The city's new $2.5 million Ed Rice Aquatic Center opened this month with six lap lanes and zero-depth entry (which means the pool can be walked or waded into) but no diving board. Of the city's 16 pools, Bickford, Westwood, Douglass, Willow, and Gooch Community Centers have spring boards.

"When we do renovations at the pools, we clean up the deck and redo the concrete," says David Han, the city's aquatics manager. "We do not put the diving board back in." He says he could name about 100 swim coaches in the area but not a single diving coach.

"The new pool goes from zero depth to five feet. So, for this reason, we don't have a board. We need a minimum depth of 12 feet for a board," says Han. In recent years, insurance companies have put more stringent regulations in place regarding how deep a pool has to be to have a board. The cost of liability insurance has also gone up, meaning that even if the pool is deep enough for a board, the owner's pockets usually aren't.

It's too bad, really. This year marks diving's 100th anniversary as an Olympic sport. But how can young athletes be exposed to the sport if all the boards are gone? I'm not saying diving boards aren't dangerous -- the only thing holding back my back dive was the fear of cracking my head open -- but anything can be dangerous if used improperly.
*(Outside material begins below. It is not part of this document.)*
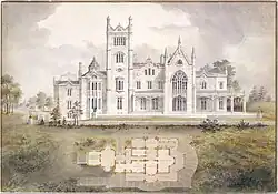 In 1864 Merritt bought Knoll, the former country estate of William S. Paulding, Jr. and hired architect Alexander Jackson Davis to expand the estate, doubling the house's size in the gothic revival style between 1864 and 1865, renaming it "Lyndenhurst" for the estate's linden trees.[13] His new north wing added an imposing four-story tower, new porte-cochere (the old one was reworked as a glass walled vestibule) and a new dining room, two bedrooms, and servants quarters. After his death, his widow, Julia sold the Irvington house to financier Jay Gould.[14]
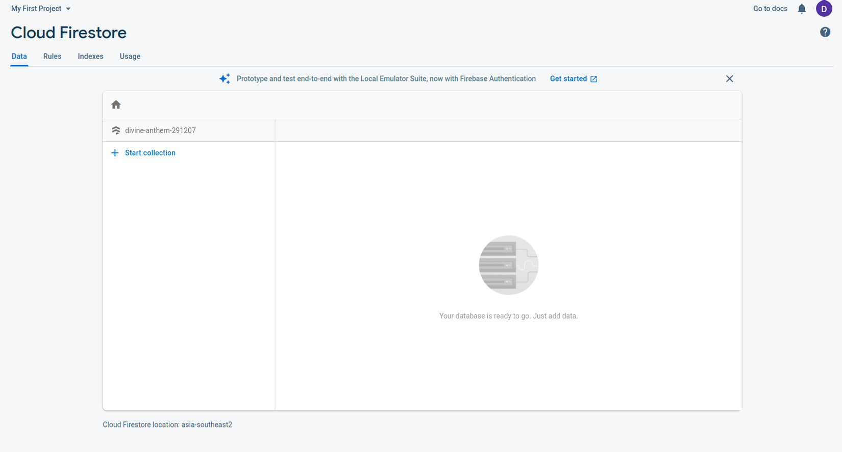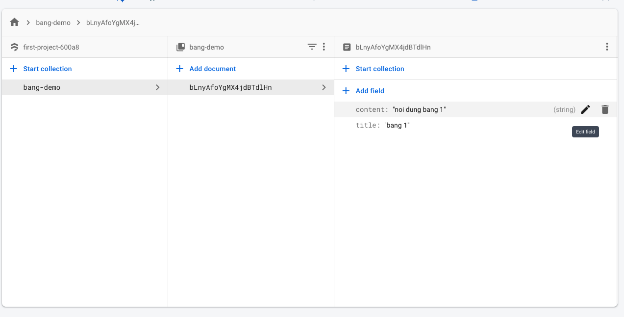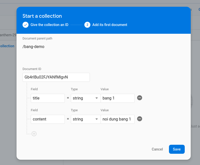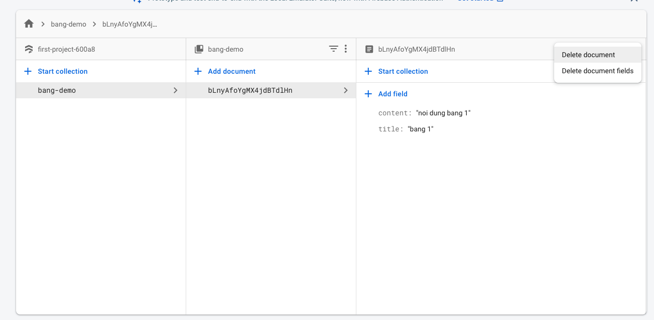 - Tại giao diện này chúng ta chọn Start collection để tạo bảng và thêm demo 1 dữ liệu cho bảng:

As part renter of the last diving board in Midtown, I thought it might make a good story for our annual summer issue: diving board as endangered species. The day my editor said yes, I went home to cruel irony: The board had been removed, leaving four holes where it had stood.

I saw the apartment manager a few days later and asked if the board was gone for good. (I was hoping that it just needed repairs and was "in the shop.") She said yes, that an insurance agent had inspected the building and said in no uncertain terms that the board had to go.

Is the diving board gone for good? It certainly looks that way, and there are so few simple pleasures in life already.

Some years after I told the lifeguard I was ready for the deep end, I sat in my own lifeguard chair at an Olympic-size pool. The diving well was 14 feet deep and included two boards, one 10 feet off the ground. It was here I learned how to do a swan dive.

I'm not saying it was a good one, but there's something amazing about the swan dive. One moment you are solidly on your feet and the next you are flying, back arched, arms outstretched, airborne. Then, just as suddenly, you are slicing through the water. To get to experience three states of matter -- earth, air, water -- so quickly was incredible.

I'm not sure when I'll get to feel that way again.